_How to complete this task_: In the listing below, find the line with "Leopard Women's Ankle" and the line with "Luxury meets comfort", then return them and every line between them exactly, minus the pictures.

_Material shown_:
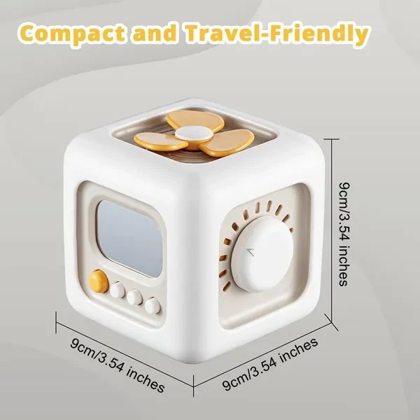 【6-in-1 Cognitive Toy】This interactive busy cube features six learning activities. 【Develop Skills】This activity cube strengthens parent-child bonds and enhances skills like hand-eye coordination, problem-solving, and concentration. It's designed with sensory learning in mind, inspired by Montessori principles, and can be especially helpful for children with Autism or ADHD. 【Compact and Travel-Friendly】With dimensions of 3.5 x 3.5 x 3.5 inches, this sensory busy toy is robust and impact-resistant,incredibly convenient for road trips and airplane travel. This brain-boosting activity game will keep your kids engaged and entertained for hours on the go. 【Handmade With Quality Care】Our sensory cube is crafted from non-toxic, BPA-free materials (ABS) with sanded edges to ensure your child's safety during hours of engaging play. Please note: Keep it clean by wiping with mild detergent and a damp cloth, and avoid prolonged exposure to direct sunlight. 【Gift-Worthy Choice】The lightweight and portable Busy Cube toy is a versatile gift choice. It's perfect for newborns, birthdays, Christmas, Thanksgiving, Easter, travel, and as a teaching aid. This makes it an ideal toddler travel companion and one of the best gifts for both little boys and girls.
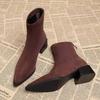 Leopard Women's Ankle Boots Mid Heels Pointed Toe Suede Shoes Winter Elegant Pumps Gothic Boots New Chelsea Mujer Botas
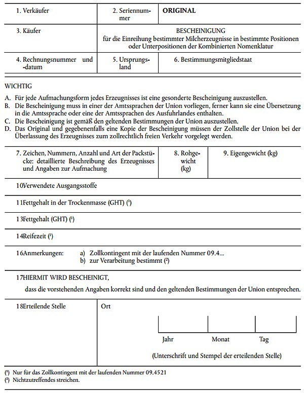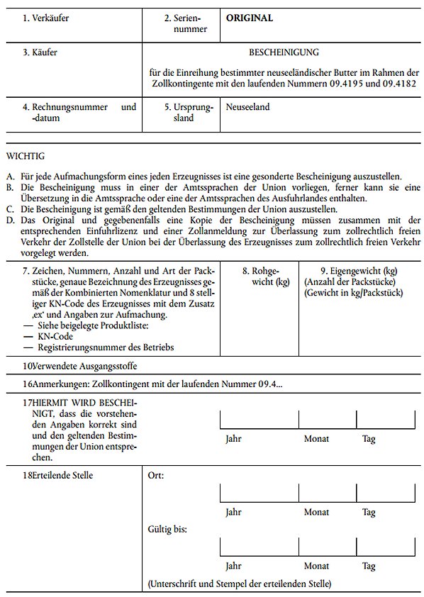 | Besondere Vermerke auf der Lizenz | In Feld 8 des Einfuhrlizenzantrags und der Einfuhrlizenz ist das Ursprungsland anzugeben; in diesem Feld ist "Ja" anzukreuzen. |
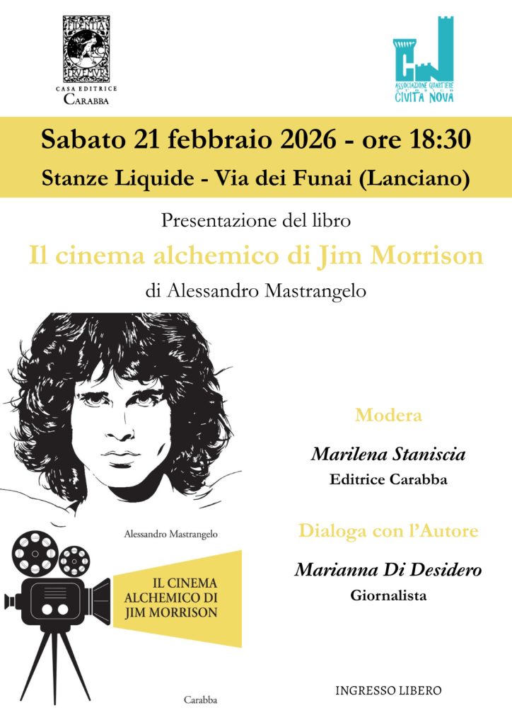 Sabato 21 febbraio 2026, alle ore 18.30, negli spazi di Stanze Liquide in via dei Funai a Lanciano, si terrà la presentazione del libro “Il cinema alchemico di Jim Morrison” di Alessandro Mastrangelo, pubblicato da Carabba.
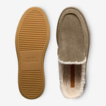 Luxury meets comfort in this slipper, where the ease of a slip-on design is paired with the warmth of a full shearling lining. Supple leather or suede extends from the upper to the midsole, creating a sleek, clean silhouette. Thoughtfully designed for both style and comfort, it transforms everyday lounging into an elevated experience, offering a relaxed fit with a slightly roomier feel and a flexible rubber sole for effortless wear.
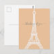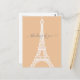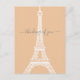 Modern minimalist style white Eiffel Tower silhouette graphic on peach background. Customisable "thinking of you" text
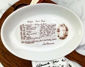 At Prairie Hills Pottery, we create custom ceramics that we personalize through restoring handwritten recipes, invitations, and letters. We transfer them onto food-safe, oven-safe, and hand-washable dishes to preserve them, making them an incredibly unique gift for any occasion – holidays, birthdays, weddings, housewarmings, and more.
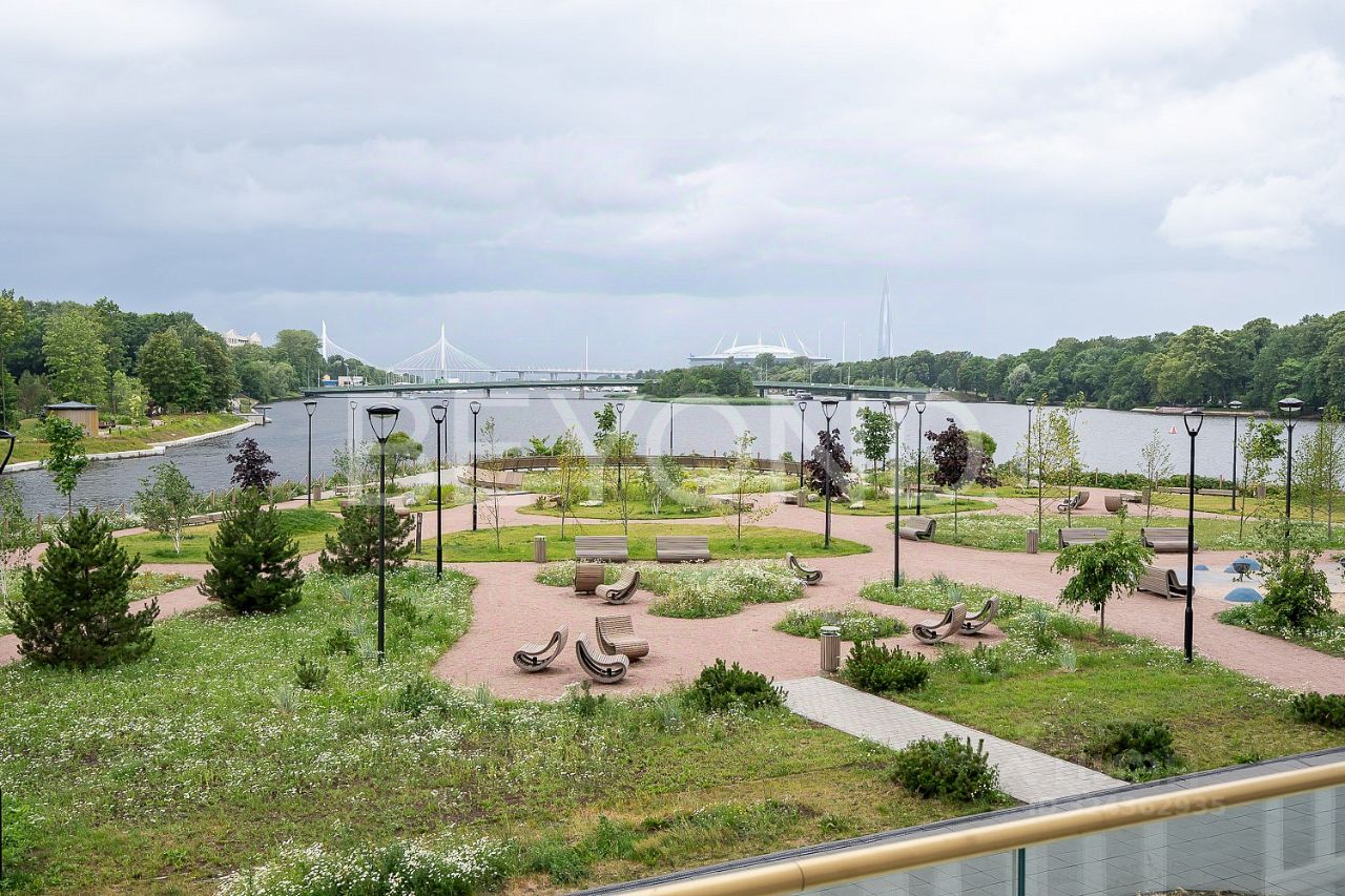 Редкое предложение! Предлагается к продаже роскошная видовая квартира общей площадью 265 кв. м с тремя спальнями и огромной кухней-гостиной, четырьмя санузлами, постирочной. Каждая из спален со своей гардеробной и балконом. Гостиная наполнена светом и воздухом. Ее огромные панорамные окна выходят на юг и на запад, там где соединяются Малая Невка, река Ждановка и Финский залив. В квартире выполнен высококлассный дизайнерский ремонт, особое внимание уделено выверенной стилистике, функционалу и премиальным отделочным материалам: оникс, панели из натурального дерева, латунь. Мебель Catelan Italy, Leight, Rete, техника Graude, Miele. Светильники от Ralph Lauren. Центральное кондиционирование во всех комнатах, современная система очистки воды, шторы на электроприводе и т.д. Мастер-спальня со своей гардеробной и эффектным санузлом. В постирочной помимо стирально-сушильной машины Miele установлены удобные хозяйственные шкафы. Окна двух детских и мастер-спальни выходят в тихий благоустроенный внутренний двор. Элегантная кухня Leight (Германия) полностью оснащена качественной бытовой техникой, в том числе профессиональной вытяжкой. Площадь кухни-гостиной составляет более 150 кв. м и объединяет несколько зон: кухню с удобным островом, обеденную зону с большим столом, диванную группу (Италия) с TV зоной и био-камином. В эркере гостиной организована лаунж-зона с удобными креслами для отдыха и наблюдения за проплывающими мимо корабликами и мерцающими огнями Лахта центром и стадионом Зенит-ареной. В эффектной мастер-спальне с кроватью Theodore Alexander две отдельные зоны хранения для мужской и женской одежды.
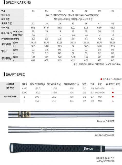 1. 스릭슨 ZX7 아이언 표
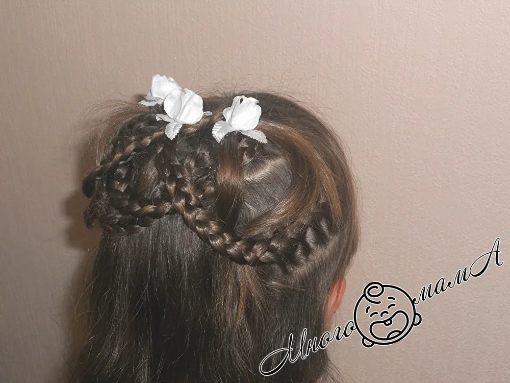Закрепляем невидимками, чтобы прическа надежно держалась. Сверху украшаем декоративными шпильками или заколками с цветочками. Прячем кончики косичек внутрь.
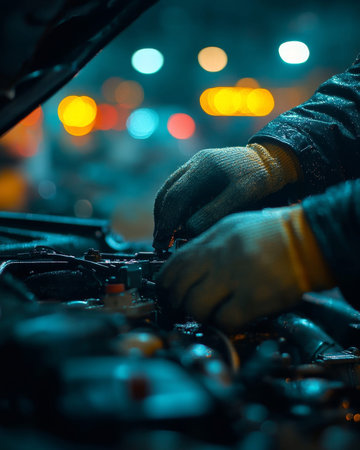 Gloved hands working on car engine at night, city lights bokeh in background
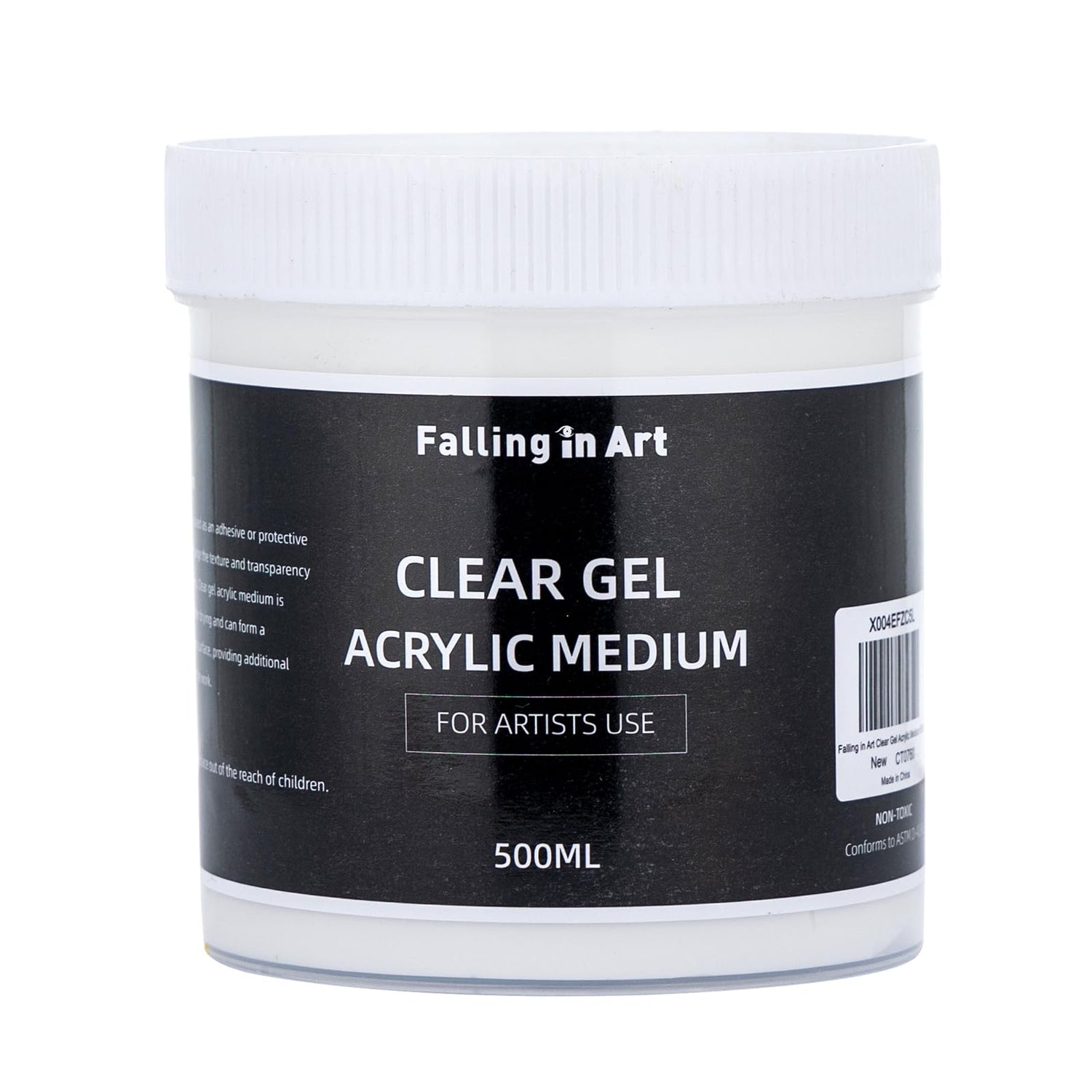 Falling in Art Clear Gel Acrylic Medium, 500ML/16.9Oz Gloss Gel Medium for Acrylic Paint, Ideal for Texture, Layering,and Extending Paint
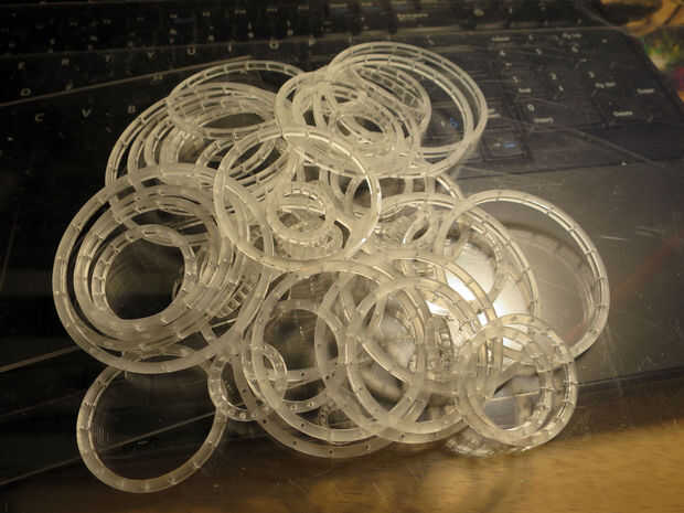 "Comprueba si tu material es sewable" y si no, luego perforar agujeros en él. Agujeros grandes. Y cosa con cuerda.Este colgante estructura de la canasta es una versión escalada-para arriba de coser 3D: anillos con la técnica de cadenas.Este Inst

_Finished task_:
 Leopard Women's Ankle Boots Mid Heels Pointed Toe Suede Shoes Winter Elegant Pumps Gothic Boots New Chelsea Mujer Botas
 | Besondere Vermerke auf der Lizenz | In Feld 8 des Einfuhrlizenzantrags und der Einfuhrlizenz ist das Ursprungsland anzugeben; in diesem Feld ist "Ja" anzukreuzen. |
 Sabato 21 febbraio 2026, alle ore 18.30, negli spazi di Stanze Liquide in via dei Funai a Lanciano, si terrà la presentazione del libro “Il cinema alchemico di Jim Morrison” di Alessandro Mastrangelo, pubblicato da Carabba.
 Luxury meets comfort in this slipper, where the ease of a slip-on design is paired with the warmth of a full shearling lining. Supple leather or suede extends from the upper to the midsole, creating a sleek, clean silhouette. Thoughtfully designed for both style and comfort, it transforms everyday lounging into an elevated experience, offering a relaxed fit with a slightly roomier feel and a flexible rubber sole for effortless wear.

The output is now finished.